Segment Start: Input data

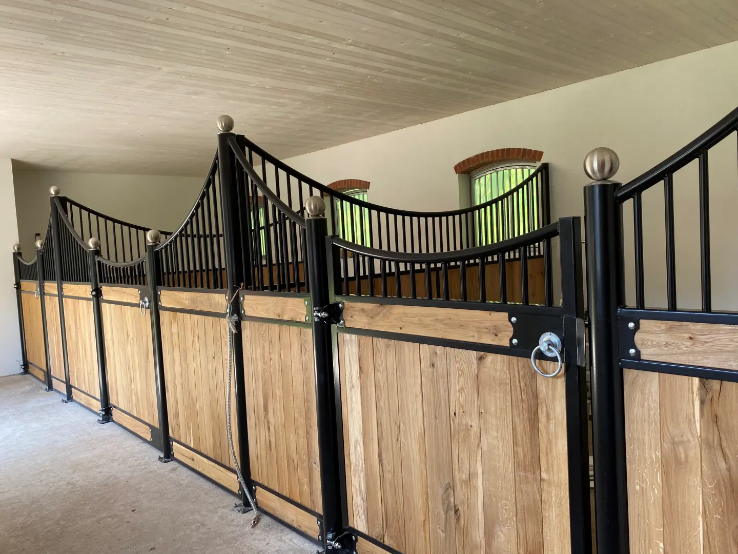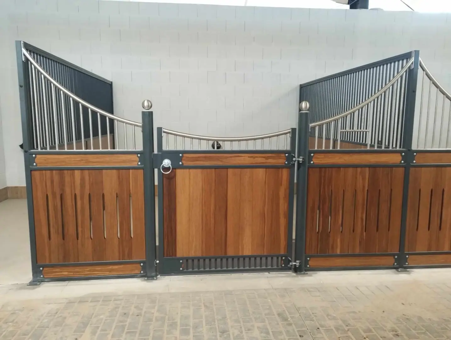 Deski dębowe zaimpregnowane, kule ozdobne ze stali nierdzewnej, konstrukcja metalowa ocynkowana.
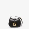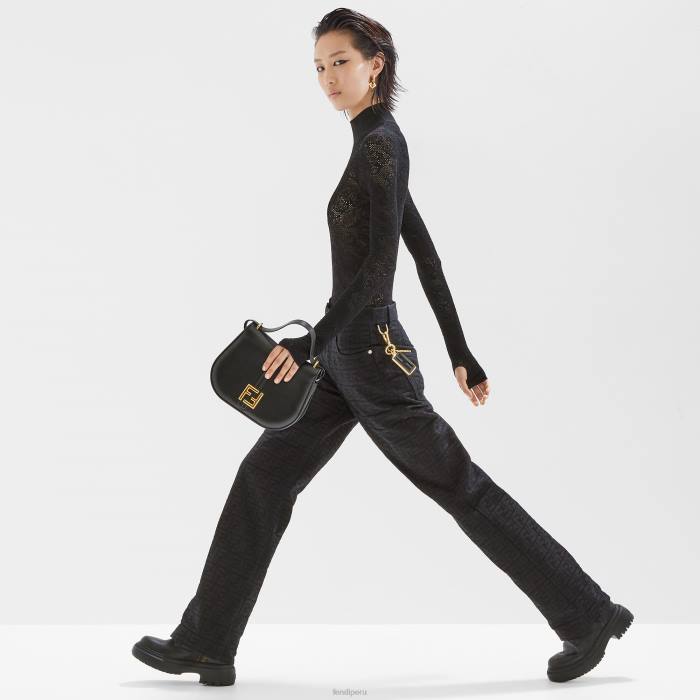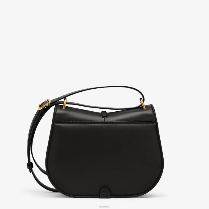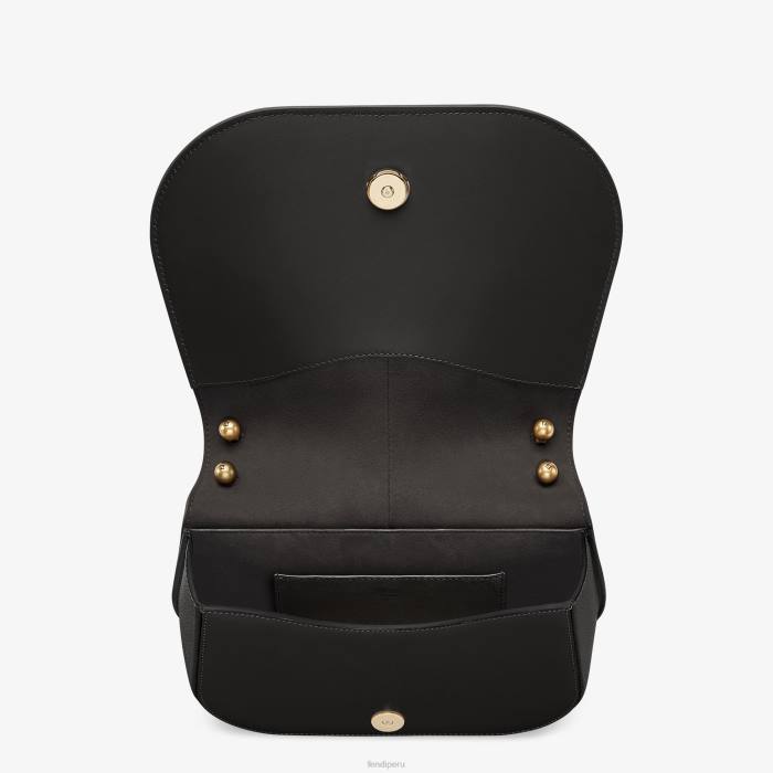 Bolso satchel mediano con líneas curvas y femeninas y solapa alargada adornada con un logo ff de metal. Confeccionado en piel lisa de color negro con bordes y detalles en relieve. los laterales del bolso están confeccionados en piel flor tono sobre tono.
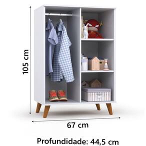 MEDIDAS:: [ A ] = 105 cm [ L ] = 67 cm [ P ] = 44,5 cm | MEDIDA DOS PÉS:: [ A ] = 12 cm [ L ] = 5 cm | PESO:: 26,2 kg | PESO SUPORTADO:: 25 kg | PRATELEIRAS SUPORTAM ATÉ:: 5 kg | CABIDEIRO SUPORTA ATÉ:: 5 kg | NOME:: Armário Infantil Organizador Para Quarto Bebê 2 Portas Madeirado / Branco Batrol | MARCA:: Batrol | MATERIAL DA ESTRUTURA:: MDP | ESPESSURA DO MATERIAL DA ESTRUTURA:: 12 e 15mm | ACABAMENTO:: Pintura UV | PORTAS:: 2 | TIPO DE PORTA:: Bater | PRATELEIRAS:: 2 | CABIDEIRO:: Alumínio | PUXADORES:: Plástico | DOBRADIÇAS:: Metálicas | PÉS:: 4 unidades, cônicos | MATERIAL DOS PÉS:: Madeira | DIFERENCIAL:: Pintura atóxica trazendo ainda mais resistência e durabilidade a vida útil do produto. | GARANTIA:: 3 meses | ITENS INCLUSOS:: 1 Armário Infantil, 1 Manual de Montagem, 1 Kit Parafusos- | INSTRUÇÕES E CUIDADOS:: Para maior durabilidade, recomendável que a limpeza dos móveis seja feita com pano limpo e levemente umedecido em água e sabão neutro. Em seguida, deverá ser passado um pano limpo e seco. | AVISO:: A Esplanada Móveis se responsabiliza pela dos produtos adquiridos até a porta de entrada ou portaria do endereço indicado, se a portaria do condomínio permitir, as s são efetuadas no piso térreo e é de responsabilidade do cliente Cor: Branco
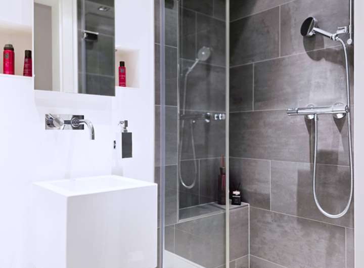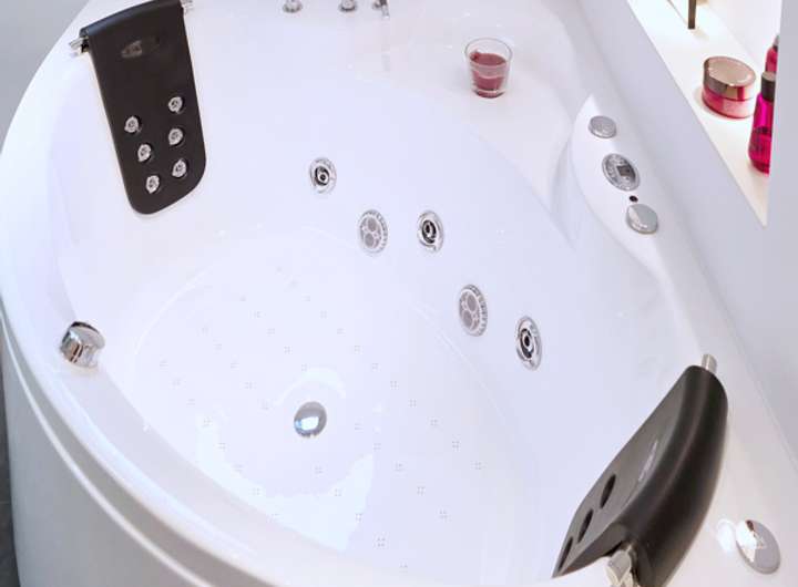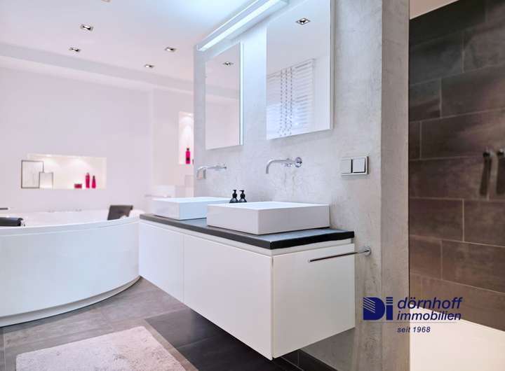 – modernes Badezimmer mit Doppelwaschtisch, Whirlpoolbadewanne, bodengleicher großer Dusche
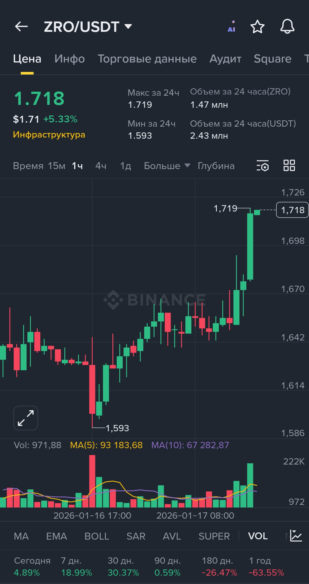 Giá ZRO/USDT dao động khoảng ~1.6💲(dữ liệu những ngày gần đây).
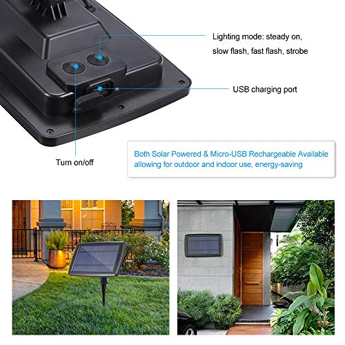 - 【Disponibilità di ricarica sia solare che micro-USB】: con pannello solare in polisilicio da 3W / 5,5 V e anche una porta di ricarica micro-USB, consente di illuminarsi nei giorni di pioggia. Può illuminare per 8-12 ore dopo completamente 8 ore di ricarica.

Segment End: Input data

# Your assignment
Keeping the pictures out, print the entries above exactly as written.

# Answer section
 Deski dębowe zaimpregnowane, kule ozdobne ze stali nierdzewnej, konstrukcja metalowa ocynkowana.
 Bolso satchel mediano con líneas curvas y femeninas y solapa alargada adornada con un logo ff de metal. Confeccionado en piel lisa de color negro con bordes y detalles en relieve. los laterales del bolso están confeccionados en piel flor tono sobre tono.
 MEDIDAS:: [ A ] = 105 cm [ L ] = 67 cm [ P ] = 44,5 cm | MEDIDA DOS PÉS:: [ A ] = 12 cm [ L ] = 5 cm | PESO:: 26,2 kg | PESO SUPORTADO:: 25 kg | PRATELEIRAS SUPORTAM ATÉ:: 5 kg | CABIDEIRO SUPORTA ATÉ:: 5 kg | NOME:: Armário Infantil Organizador Para Quarto Bebê 2 Portas Madeirado / Branco Batrol | MARCA:: Batrol | MATERIAL DA ESTRUTURA:: MDP | ESPESSURA DO MATERIAL DA ESTRUTURA:: 12 e 15mm | ACABAMENTO:: Pintura UV | PORTAS:: 2 | TIPO DE PORTA:: Bater | PRATELEIRAS:: 2 | CABIDEIRO:: Alumínio | PUXADORES:: Plástico | DOBRADIÇAS:: Metálicas | PÉS:: 4 unidades, cônicos | MATERIAL DOS PÉS:: Madeira | DIFERENCIAL:: Pintura atóxica trazendo ainda mais resistência e durabilidade a vida útil do produto. | GARANTIA:: 3 meses | ITENS INCLUSOS:: 1 Armário Infantil, 1 Manual de Montagem, 1 Kit Parafusos- | INSTRUÇÕES E CUIDADOS:: Para maior durabilidade, recomendável que a limpeza dos móveis seja feita com pano limpo e levemente umedecido em água e sabão neutro. Em seguida, deverá ser passado um pano limpo e seco. | AVISO:: A Esplanada Móveis se responsabiliza pela dos produtos adquiridos até a porta de entrada ou portaria do endereço indicado, se a portaria do condomínio permitir, as s são efetuadas no piso térreo e é de responsabilidade do cliente Cor: Branco
 – modernes Badezimmer mit Doppelwaschtisch, Whirlpoolbadewanne, bodengleicher großer Dusche
 Giá ZRO/USDT dao động khoảng ~1.6💲(dữ liệu những ngày gần đây).
 - 【Disponibilità di ricarica sia solare che micro-USB】: con pannello solare in polisilicio da 3W / 5,5 V e anche una porta di ricarica micro-USB, consente di illuminarsi nei giorni di pioggia. Può illuminare per 8-12 ore dopo completamente 8 ore di ricarica.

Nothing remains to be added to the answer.